In my opinion, I was appealing to an underlying human condition in a world which was fully devoted to cultural historicism. This practice of cultural historicism tended to diminish, if not efface entirely, the similarities between cultures. Where cultures were similar, we were supposed to look for the various cultural reasons for their difference.

By 1994, when I was writing my dissertation, I recognized that a series of thinkers who styled themselves The New Medievalists, had arisen who are impatient with the inability of the moderns to close the gap between being and becoming in their thought. Relying on the works of Derrida, they thought that words were defined in the system by reference, not to the logocentric and stable locus of being, but only in reference to other words. They had, in other words, located an Ovidian horizontal position in the universe as opposed to the failed Modern search for stable entities in a vertically constructed universe.

At the same time they were not thinking about the medieval poem as having anything to teach them. After all, we were moderns or postmoderns. It was this construction that I would attack after I got out of graduate school.

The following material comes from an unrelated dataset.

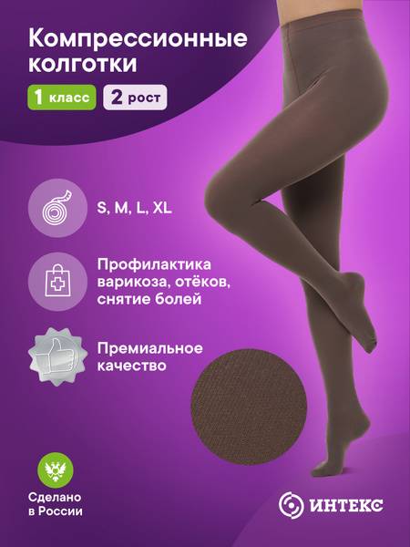 Keywords: compression stockings, varicose veins, Intex, class 1 compression, 18-21 mmHg, medical stockings, support stockings, brown stockings, leg pain relief, swelling reduction, vein health, thrombosis prevention, comfortable stockings, durable stockings, affordable stockings, made in Russia, size chart.

The Romance of the Rose is a filthy poem. Its most famous episode comes when the character of Reason waylays the character known as The Lover–it’s in allegorical poem, of course, so people don’t have actual names. Reason corrects The Lover, telling him that he should follow her, and not his corrupting heart, which has led him to the pool of Narcissus (an Ovid reference for those who do not know).

In my opinion, Reason is not adequate to the task of guiding The Lover out of his narcissistic state. But the critical consensus was that Reason was at the top of the hierarchy of the world and that The Lover had managed to forgo the language of reason for the language of a more Ovidian nature and needed to be corrected. He was being too literal. She was urging him to read allegorically.

But, in fact, that was a misreading of the text. When The Lover gets involved in an argument about the language of the euphemism “coilles,” which means in modern-day English “balls” or “testicles.” Reason does not object to The Lover use of “balls.” She objects that he is using them directly and not as a euphemism for what God really meant when he created “balls.” She wants to have the lover use his “balls” literally, by which she means for the perpetuation of the species, and not for any sort of fun or enjoyment. Of course, in my lowly opinion, God had created “balls” for people to use, and it was not that he wanted people to use their “balls” only for the perpetuation of the species. He wanted people to use their “balls” to create offspring. By stepping away from the direct view of the universe had by the individual Lover to the view of the universe had by Reason, I believe that Reason was getting in her own way. You could not perpetuate the species without sex. There has to be an element of enjoyment in sex. Unfortunately, it wasn’t until I was out of graduate school that I managed to figure out why this was [see my post #14 on Boethius].

Anyway, I went on about this for some night 50 or 60 pages in my dissertation. It’s still one of my favorite poems, although I recommend it more as a poem to be read for answers than as a poem to be read for fun.